* **SUPPLIED INFORMATION**
========================

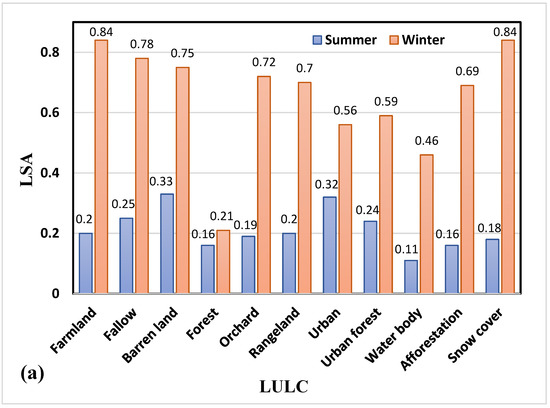 Figure 3 shows the LSA maps of the study area for the summer and winter seasons. It is evident that LSA values were high during winter compared with during the summer. Hence, the values of 0.04–0.90 and 0.03–0.70 were estimated during winter and summer, respectively. According to the LSA map (Figure 3a), the low values (0.03–0.28) in summer mostly came from the LULCs that covered the majority of the region. In winter (Figure 3b), the high values (0.62–0.90) were from the LULCs that covered a substantial area in the region.
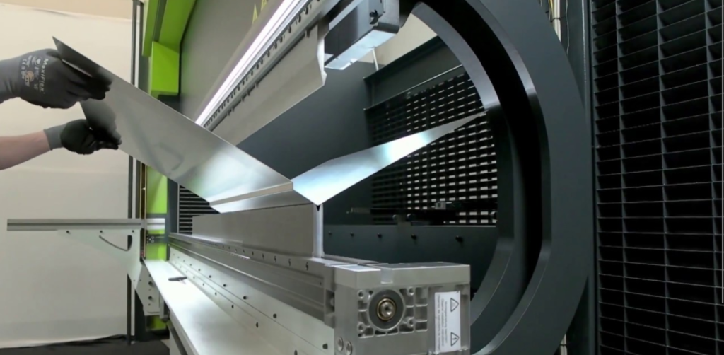 Technológia ohýbania plechu pomocou ohraňovacieho lisu SAFAN CNCL-K 120-3100, ktorý je vhodný na spracovanie širokej škály plechov s rôznou hrúbkou a dĺžkou. Vďaka CNC riadeniu a presnej hydraulike dosahujeme vysokú kvalitu výsledného tvaru a konzistentné rozmery pri sériovej aj kusovej výrobe.
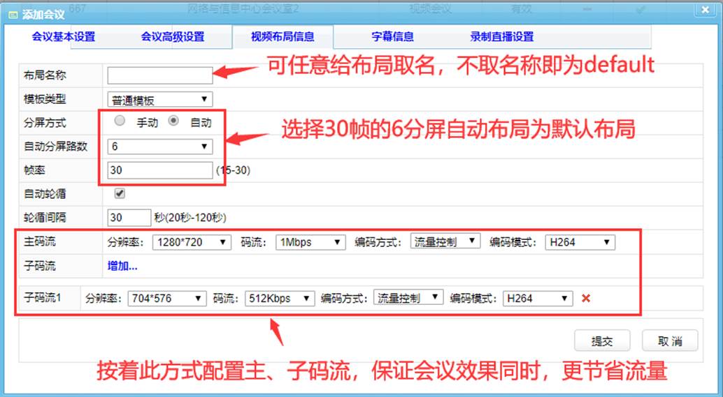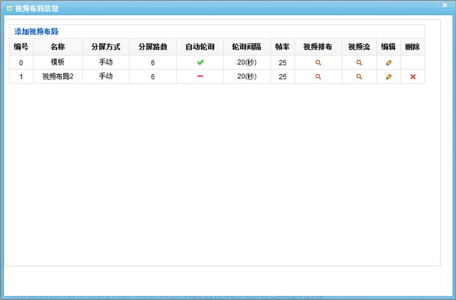 【视频布局信息】:设置模板名称、分屏方式、分屏路数、帧率、轮询、码流等内容。

========================

Each line from the one with "Technológia ohýbania plechu" to the last line of the listing should be returned exactly, both ends included, and no picture with them.

 Technológia ohýbania plechu pomocou ohraňovacieho lisu SAFAN CNCL-K 120-3100, ktorý je vhodný na spracovanie širokej škály plechov s rôznou hrúbkou a dĺžkou. Vďaka CNC riadeniu a presnej hydraulike dosahujeme vysokú kvalitu výsledného tvaru a konzistentné rozmery pri sériovej aj kusovej výrobe.
 【视频布局信息】:设置模板名称、分屏方式、分屏路数、帧率、轮询、码流等内容。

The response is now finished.